Data section:
--- START ---
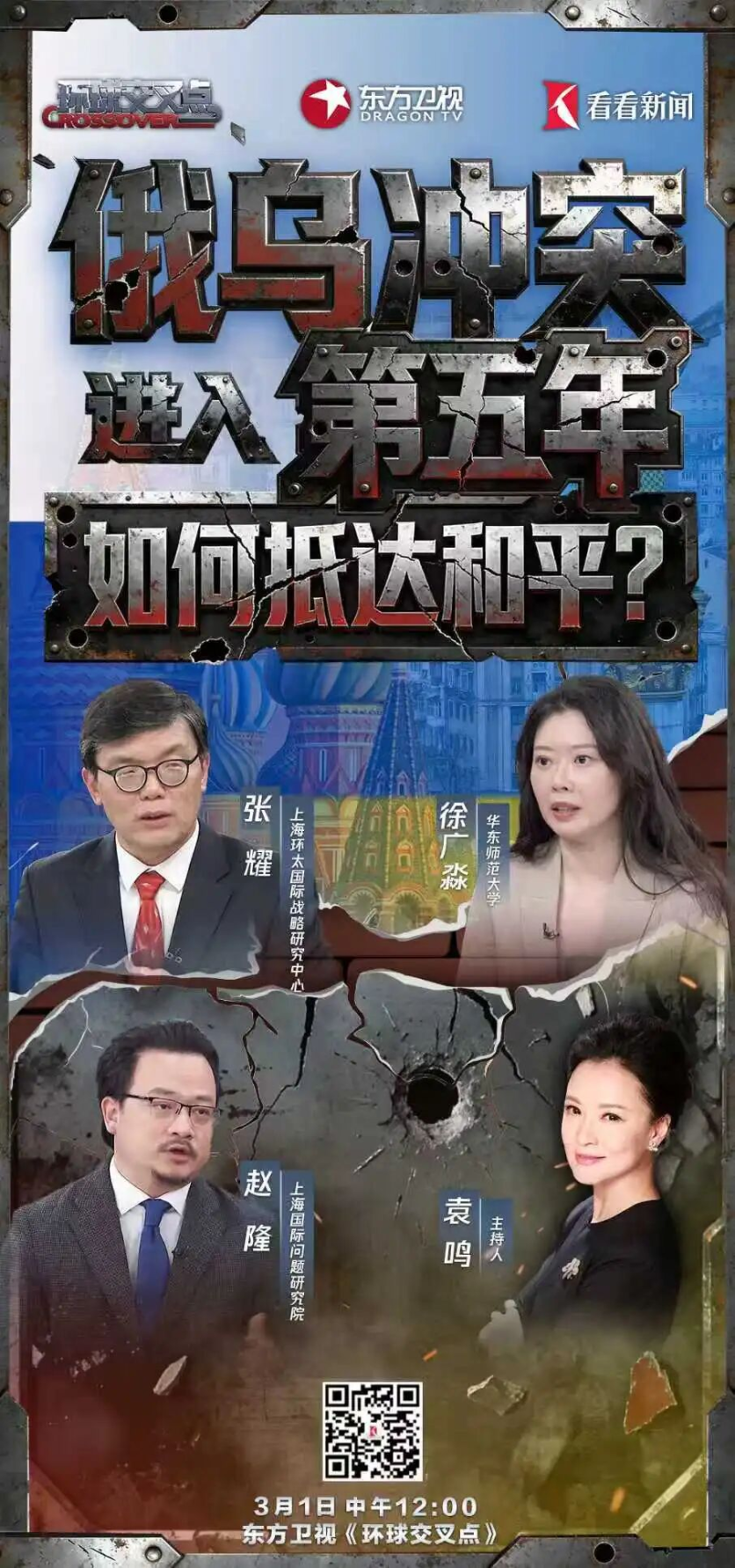 3月1日中午12点,东方卫视《环球交叉点》节目,探讨迈向第五年的俄乌冲突局势与和谈前景,俄罗斯研究中心副教授徐广淼将参加该节目。
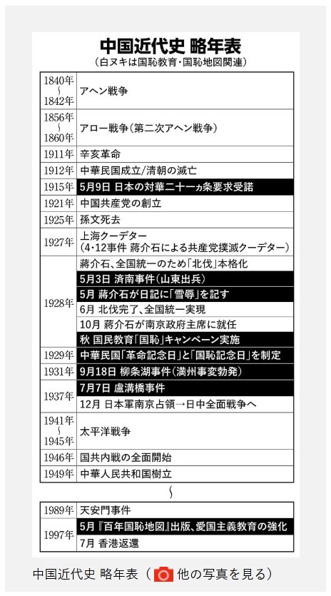 年表をご覧いただこう。「国恥」という言葉が最初にメディアに現れたのは1915年、日本が袁世凱・北京政府に「21カ条要求」を突きつけた時だとされる。袁世凱が要求を受け入れたことに国民が猛反対し、新聞が「国の恥」だと書いた。
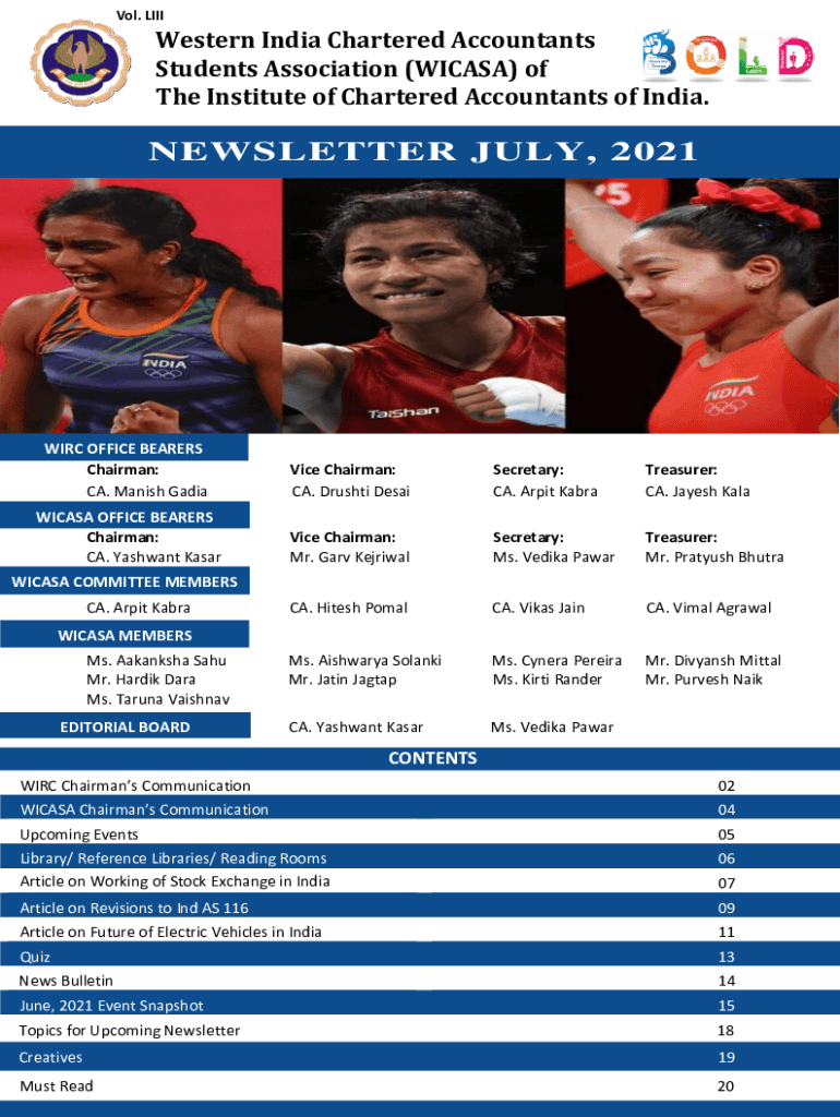 The Institute of Chartered Accountants of India. NEWSLETTER JULY, 2021WIRC OFFICE BEARERS
--- END ---
Task item:
Output all the data, exactly, without images.

Expected answer:
 3月1日中午12点,东方卫视《环球交叉点》节目,探讨迈向第五年的俄乌冲突局势与和谈前景,俄罗斯研究中心副教授徐广淼将参加该节目。
 年表をご覧いただこう。「国恥」という言葉が最初にメディアに現れたのは1915年、日本が袁世凱・北京政府に「21カ条要求」を突きつけた時だとされる。袁世凱が要求を受け入れたことに国民が猛反対し、新聞が「国の恥」だと書いた。
 The Institute of Chartered Accountants of India. NEWSLETTER JULY, 2021WIRC OFFICE BEARERS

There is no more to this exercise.